Generate IDs using complex Regexes

Hi!
I’m currently working on trying to generate some data using the DayZsynthesizer and I’m trying to give a id column a specific regex. Until now I have not encountered any problems with my regex but now it seems to crash when I want to generate the data.

(?:22|01|29|13|02|20|14|12|07|05|17|18|11|32)[0-9]{8}

select from a list of numbers and add 8 random number afterwards.

I also tried with (?:[22|01|29|13|02|20|14|12|07|05|17|18|11|32])[0-9]{8} adding the brakets but it doesn’t select from the list.

My error looks like this : File “sdv_enterprise/sdv/multi_table/dayz/day_zero.pyx”, line 90, in sdv_enterprise.sdv.multi_table.dayz.day_zero.expirable.wrapper
File “sdv_enterprise/sdv/multi_table/dayz/day_zero.pyx”, line 602, in sdv_enterprise.sdv.multi_table.dayz.day_zero.DayZSynthesizer.load
File “sdv_enterprise/sdv/multi_table/dayz/day_zero.pyx”, line 603, in sdv_enterprise.sdv.multi_table.dayz.day_zero.DayZSynthesizer.load
File “sdv_enterprise/rdt/transformers/id/id.pyx”, line 60, in sdv_enterprise.rdt.transformers.id.id.RandomRegexGenerator.setstate
File “sdv_enterprise/rdt/transformers/id/utils.pyx”, line 203, in sdv_enterprise.rdt.transformers.id.utils.random_strings_from_regex
KeyError: BRANCH

This is the regex that I want to apply.

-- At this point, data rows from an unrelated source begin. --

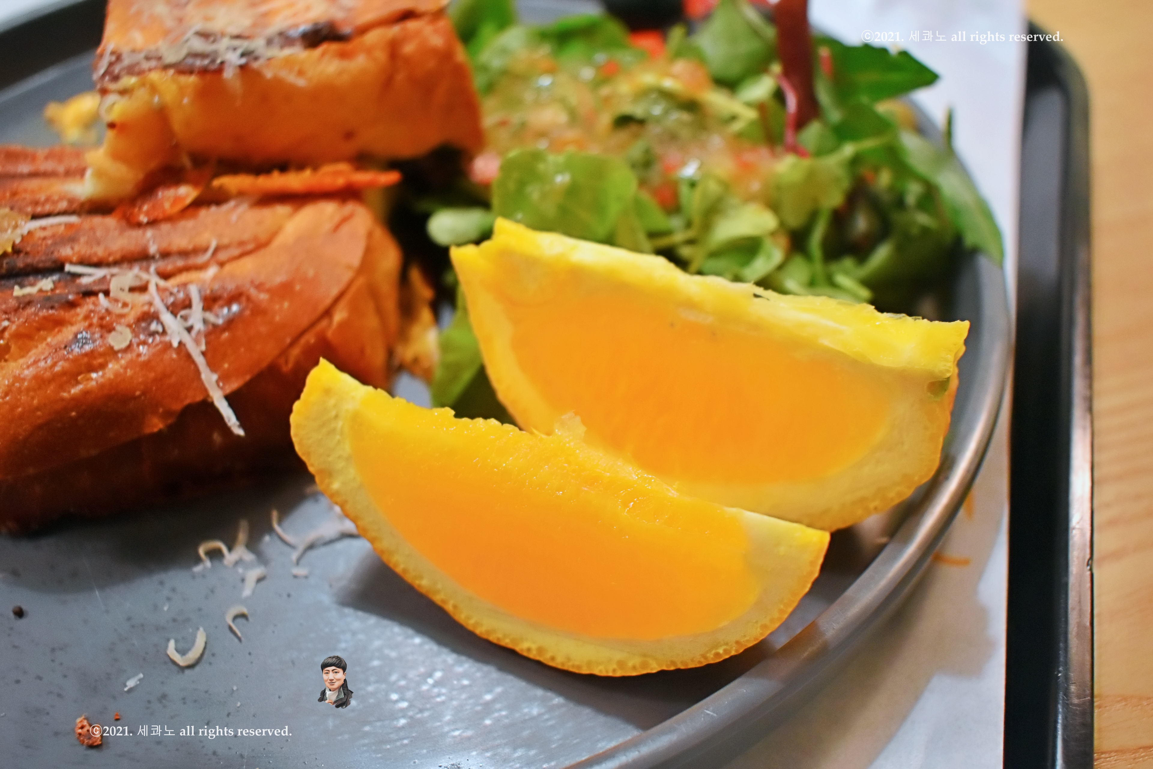 오렌지나 방울토마토 등의 야채나 과일도 같이 나왔다.
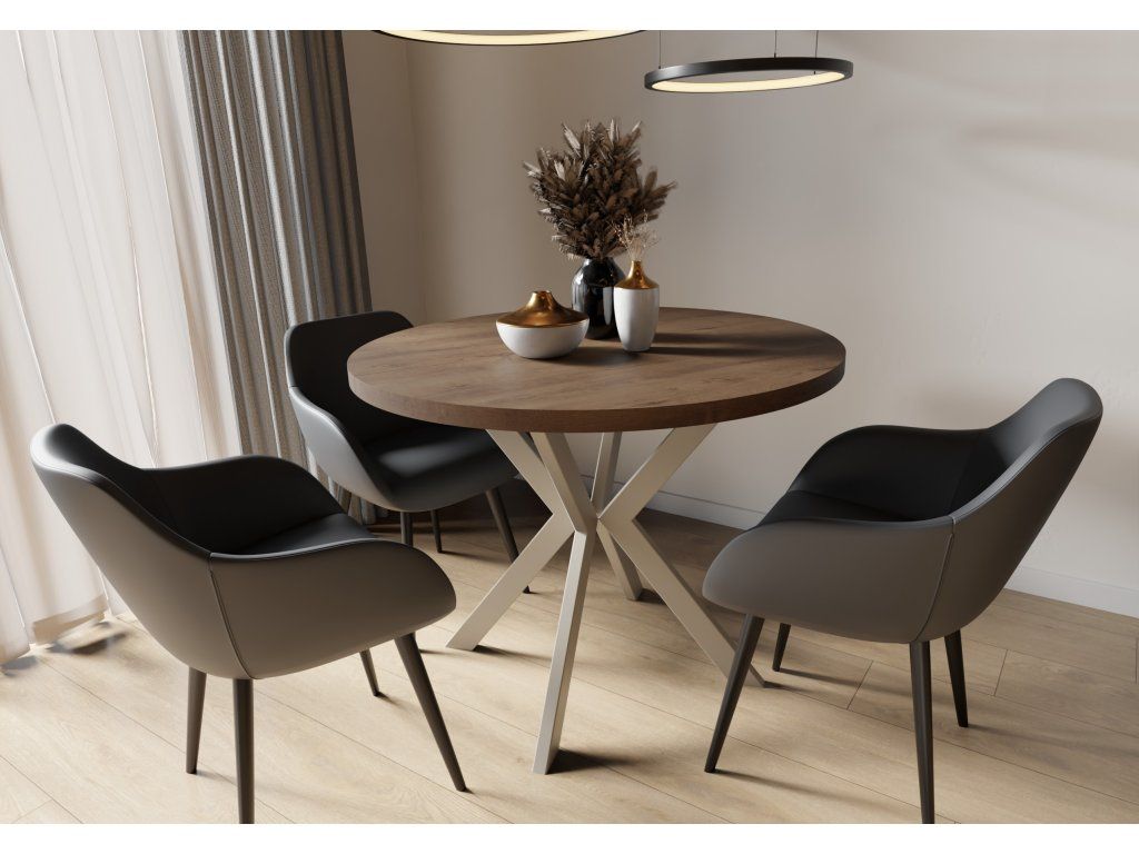 - Okrúhly rozkladací jedálenský stôl MARION v dekore dub lefkas - moderný dizajn, ktorý sa hodí do škandinávskych aj industriálnych interiérov.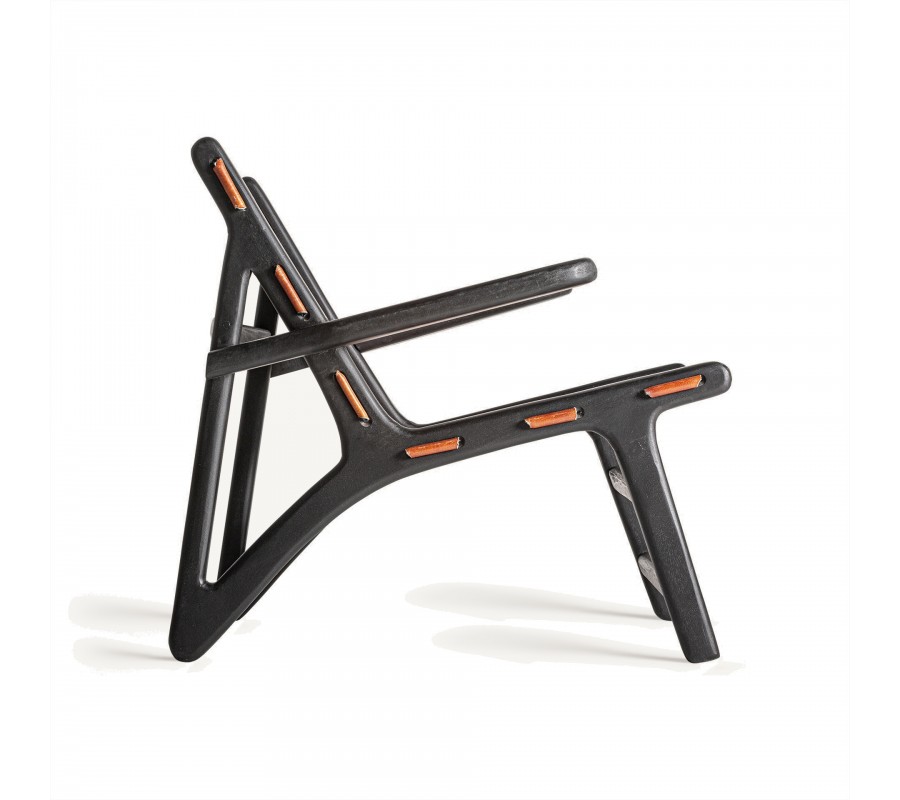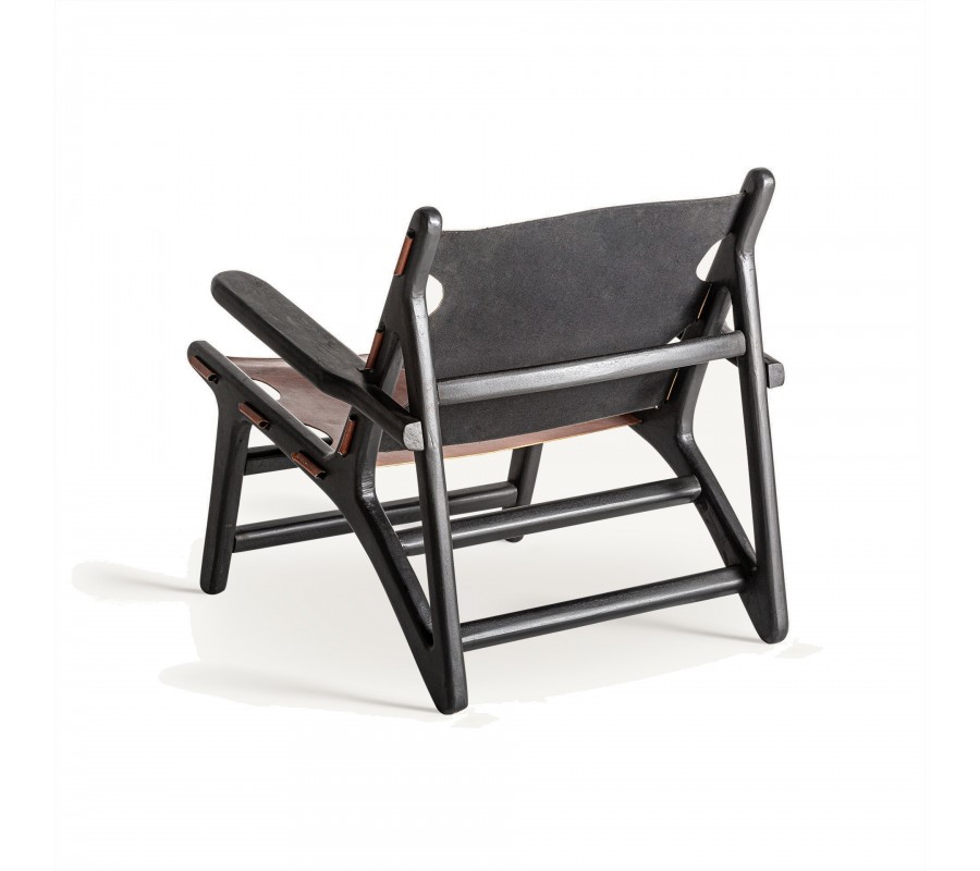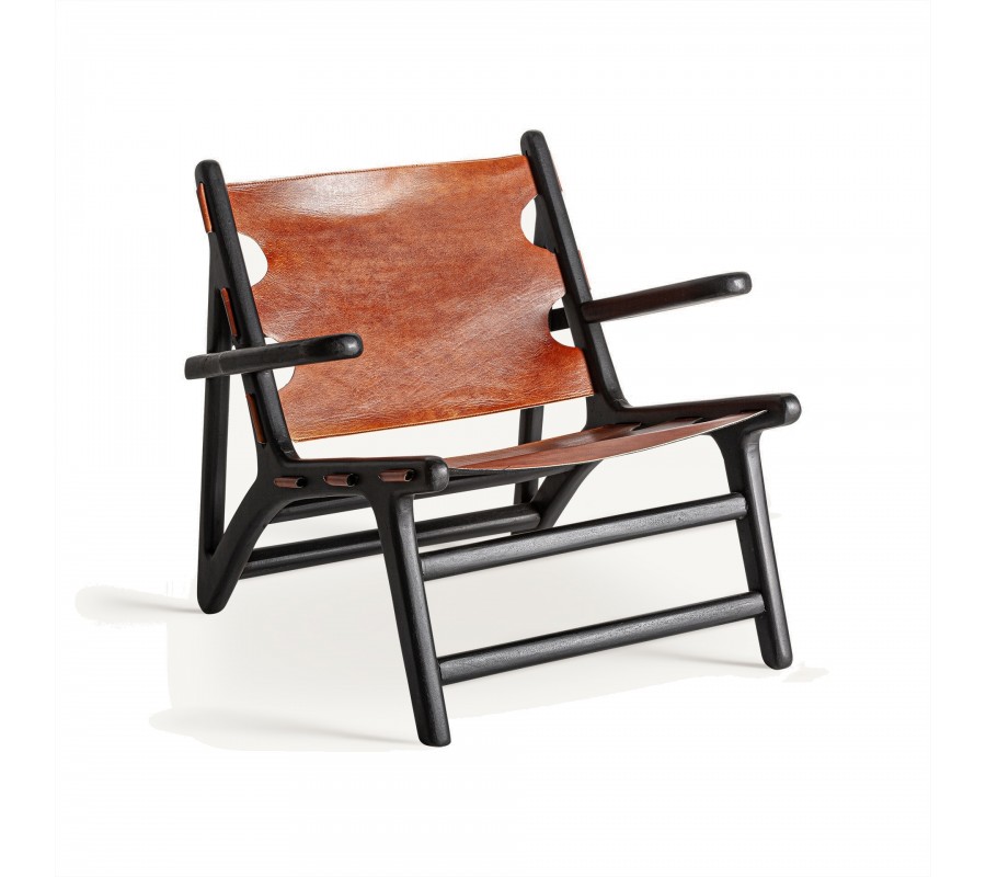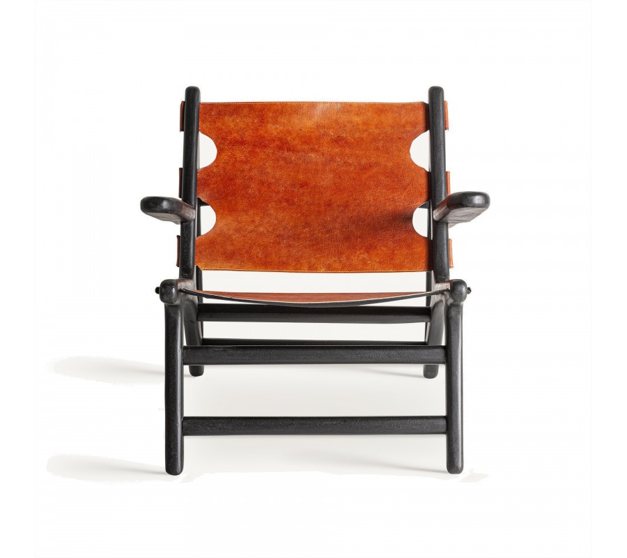 Luxusné vintage kreslo Huron je dizajnovým kúskom, ktorý spája retro šarm s remeselnou precíznosťou. Jeho nízka a rozšírená silueta pripomína pohodlné lehátko, ideálne na relax. Tehlovočervený kožený poťah je napnutý medzi masívnou čiernou mangovou konštrukciou, pričom efektné výrezy v koži umocňujú dojem pevného, ale pružného sedadla a operadla.

When updating the metadata it’s seem to work until sampling it does not want to generate this.

Thanks,

Charles -

Hi,

I also wanted to add that I found a work-around by just generating the 8 digits and add the prefix later in my Jupyter Notebook. I would still like to utilize the regex though…

I am using the DayZSynthesizer.

Hi @epicvu, I’m glad you were able to provide a workaround.

Currently, our Regex generation tool does not support complex regexes with OR logic. We’ve described this in our RDT FAQs. Click here to read. I recognize that this information is not as easy to find. We’re working ASAP to provide you this info upfront in the both the docs and the code.

In the meantime, I will also file a feature request internally to be able to support more complex Regexes. Out of curiosity, what does this column represent in your data? I see that it’s overall a 10-digit value where the first two digits have to be from a specific list of values (22, 01, 29, 19, …). Do the first two digits have any specific meaning to your downstream application?

Hi @neha, thanks for the informations.
It is quite tricky to get to that information and thanks for the link.

The numbers represents regions (two digits french postcodes) to be exact. It does not inherit from a specific column in the data but it just has to be informative.

Appreciate the information @epicvu. Happy to help find the right info for you.

The numbers represents regions (two digits french postcodes) to be exact.

I see online that French postcodes are generally 5-digits long. However, your prefix is 2-digits and the total Regex is for a 10-digit value. So is the overall value for a postcode or some other address-related concept?

I am asking because if your column represents a real world concept (such as a postcode), then the recommended approach is to specify that real-world concept as the sdtype in your metadata. For example, the following code should generate 5-digit French postcodes:

# update the column's sdtype to a real-world concept
metadata.update_column(
    table_name='my_table_name',
    column_name='my_column_name',
    sdtype='postcode')

metadata.save_to_json(filepath='my_updated_metadata.json')

# specify the French locale when creating the synthesizer
synthesizer = DayZSynthesizer(metadata, locales=['fr_FR'])
synthesizer.sample(num_rows=10)

This should produce postcodes such as 52462, 97640, 38852, ...

For more information on the possible real-world concepts, you can click here to see the docs.

Yeah I would use the sdtype postcode if I had to. In this case I wanted to generate an “id” with 8 random numbers and also add the 2 postcode digits. Ultimately I generated 50k unique ids and when I added the special prefix and looked for unique ids using the command

len(list(set(df["special_id"])))

I would either find 49999 or 50000 unique ids. So it suited my needs. The data isn’t really used at the moment it is an experimentation to replicate encountered data and new id types in the company.